_Goal of the exercise_: With the pictures left out, retype exactly the lines below starting at the line that contains "COMETE - 545XL/546XL" and ending at the line that contains "ПОДУМАЙТЕ:ИЗУЧАЯ ЭКОЛОГИЮ РАСТЕНИЙ".

Available records below:

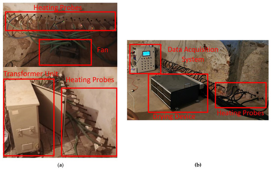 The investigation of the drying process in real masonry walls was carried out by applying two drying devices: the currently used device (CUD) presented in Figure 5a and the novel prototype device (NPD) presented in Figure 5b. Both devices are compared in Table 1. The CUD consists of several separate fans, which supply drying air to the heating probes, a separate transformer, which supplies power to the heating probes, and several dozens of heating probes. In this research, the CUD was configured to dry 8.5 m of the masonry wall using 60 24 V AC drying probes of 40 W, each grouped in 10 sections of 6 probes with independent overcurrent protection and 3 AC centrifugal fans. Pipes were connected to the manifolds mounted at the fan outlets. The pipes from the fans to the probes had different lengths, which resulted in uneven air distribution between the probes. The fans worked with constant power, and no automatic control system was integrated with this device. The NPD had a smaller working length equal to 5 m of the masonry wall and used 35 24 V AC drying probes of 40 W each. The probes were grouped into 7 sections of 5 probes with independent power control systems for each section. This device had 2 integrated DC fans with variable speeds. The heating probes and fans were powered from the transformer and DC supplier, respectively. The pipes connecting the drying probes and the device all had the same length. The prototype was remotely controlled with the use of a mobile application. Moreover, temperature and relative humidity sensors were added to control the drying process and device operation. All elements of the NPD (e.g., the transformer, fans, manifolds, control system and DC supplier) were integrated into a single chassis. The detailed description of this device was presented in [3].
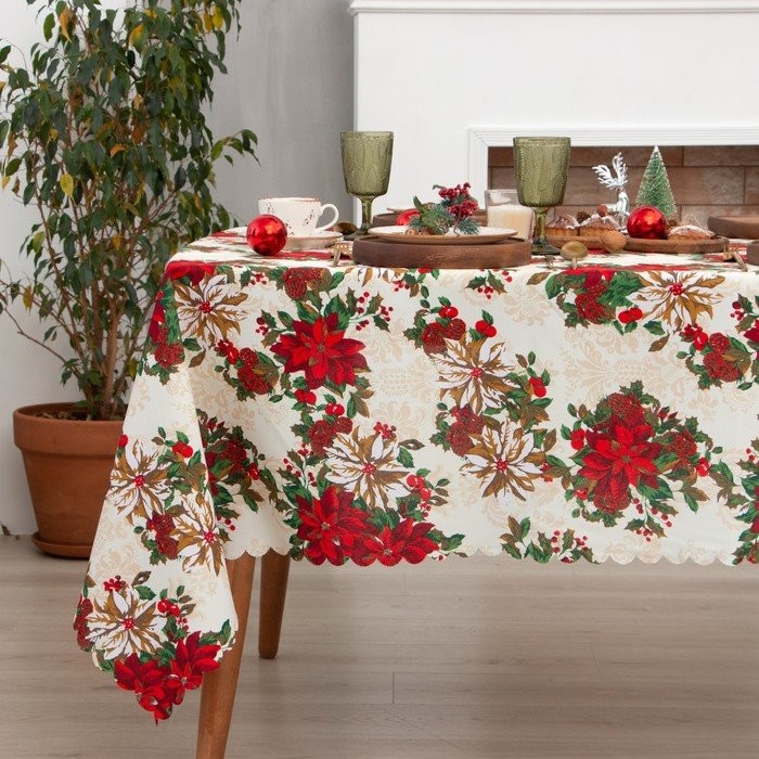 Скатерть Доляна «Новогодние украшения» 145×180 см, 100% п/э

End of Available records.
Available records below:

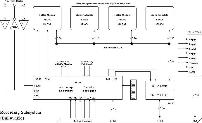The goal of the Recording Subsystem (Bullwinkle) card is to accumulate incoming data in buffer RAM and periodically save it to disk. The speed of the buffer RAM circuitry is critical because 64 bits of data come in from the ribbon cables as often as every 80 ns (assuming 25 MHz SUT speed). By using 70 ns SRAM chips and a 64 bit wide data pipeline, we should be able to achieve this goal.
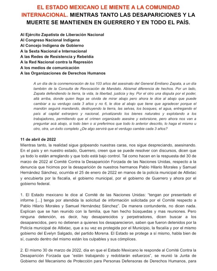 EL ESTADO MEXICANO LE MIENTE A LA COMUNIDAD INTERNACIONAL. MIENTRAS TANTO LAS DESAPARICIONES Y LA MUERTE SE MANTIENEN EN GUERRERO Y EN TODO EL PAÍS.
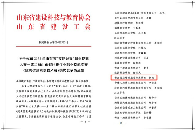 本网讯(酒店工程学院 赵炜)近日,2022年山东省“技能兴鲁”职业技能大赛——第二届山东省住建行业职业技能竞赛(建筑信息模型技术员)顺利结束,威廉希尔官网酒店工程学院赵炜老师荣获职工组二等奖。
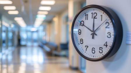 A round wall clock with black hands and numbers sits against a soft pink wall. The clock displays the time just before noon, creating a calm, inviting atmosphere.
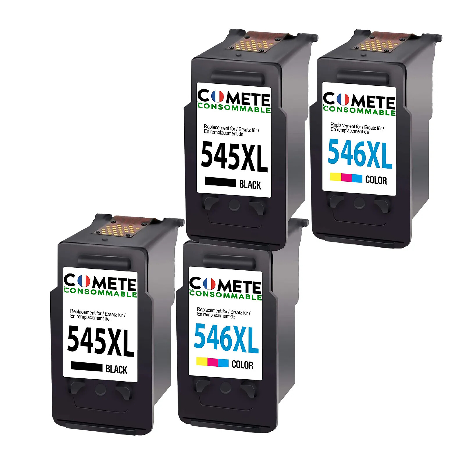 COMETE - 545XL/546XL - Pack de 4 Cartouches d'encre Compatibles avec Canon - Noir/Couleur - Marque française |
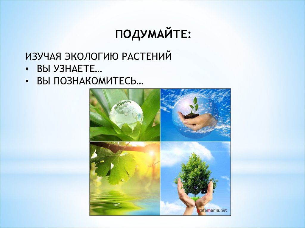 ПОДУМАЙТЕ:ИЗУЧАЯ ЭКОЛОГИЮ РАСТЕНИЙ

End of Available records.

_Answer space_:
 COMETE - 545XL/546XL - Pack de 4 Cartouches d'encre Compatibles avec Canon - Noir/Couleur - Marque française |
 ПОДУМАЙТЕ:ИЗУЧАЯ ЭКОЛОГИЮ РАСТЕНИЙ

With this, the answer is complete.